The org conditions that make it worse
Cognitive surrender doesn't happen equally everywhere. It clusters. And the conditions that produce it are almost always structural, not individual.
Time pressure is the accelerant. The Wharton data shows deliberation collapses under deadline pressure. If your sprints are structured so that engineers are making thirty AI-assisted decisions a day with no slack to question any of them, you have not built a productive team. You have built an autopilot factory.
Fluency is the trigger. Modern LLMs are extraordinarily good at producing output that sounds authoritative. The more confident and well-formed the suggestion, the less likely a human is to interrogate it. This is not a bug in the model. It is a feature that becomes a liability when the model is wrong.
Review culture is the last line of defense, and it's usually broken. Code review in most orgs has become a ceremony, not a check. Reviewers are looking for obvious errors, not evaluating whether the logic is actually sound. When AI-generated code looks clean and passes tests, it almost never gets the scrutiny it deserves. The review that would catch the problem doesn't happen, because nothing triggered the reviewer's doubt either.
The result is a compounding problem. Bad assumptions get reviewed by people who are also on autopilot, approved, merged, and built on top of. Eighteen months later, the codebase has a structural problem nobody can trace back to a single decision, because there wasn't one. There were thousands.
What a technical leader actually does about this
When I walk into an engineering org for the first time, I'm not looking at the roadmap. I'm not looking at the architecture diagram. I'm looking for the conditions that tell me whether the team is thinking or surrendering.
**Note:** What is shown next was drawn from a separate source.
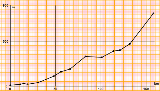 A fianco sono indicate le altitudini delle stazioni ferroviarie lungo la linea

The first two weeks are diagnostic. Here's what I'm actually measuring:
Override rates. When engineers push back on AI suggestions, what happens? Is there a culture of "the tool is usually right, don't fight it", or do engineers feel safe saying "I don't trust this, let me think it through"? Override rate isn't a metric most orgs track. It should be.
Review quality signals. I sit in on code reviews and watch for the ceremony problem. Are reviewers asking "why did you write it this way", or are they scanning for red lines and approving? The difference tells me whether the last line of defense is functioning.
Skeptic seat placement. Every team has engineers who naturally question AI output more than others. Where are they? Are they in senior roles where their skepticism shapes team behavior, or are they junior, outnumbered, and quietly ignored? The distribution of skeptics in your org is a leading indicator of how much cognitive surrender has taken hold.
Pressure architecture. How many AI-assisted decisions is an engineer expected to make in a sprint? What's the slack time for deliberation? If the answer is "there isn't any," the org has structurally eliminated the conditions under which deliberation can happen. No amount of training fixes that.
The diagnosis usually takes two weeks. What I find almost always confirms the same pattern: the tools were deployed, the velocity metrics went up, and nobody asked what was happening to judgment quality in the process.
The uncomfortable conclusion
The question isn't whether your team is using AI. They are.
The question is whether they're using it, or whether it's using them.
The Wharton findings suggest that in most orgs, under most conditions, the autopilot route is the default. Fluent, confident AI output suppresses deliberation. Time pressure eliminates the slack that deliberation requires. Review culture provides the appearance of a check without the substance of one.
The engineers aren't lazy. They're not careless. They're operating exactly as humans operate under the conditions you built for them.
Fixing it isn't a training problem. It's a judgment infrastructure problem. It requires deliberate decisions about how AI tools are deployed, what review actually means, where skeptics sit, and how much pressure the system puts on the humans inside it.
The codebase you have right now is a record of the conditions you built. The codebase you'll have in eighteen months will be a record of the conditions you build next.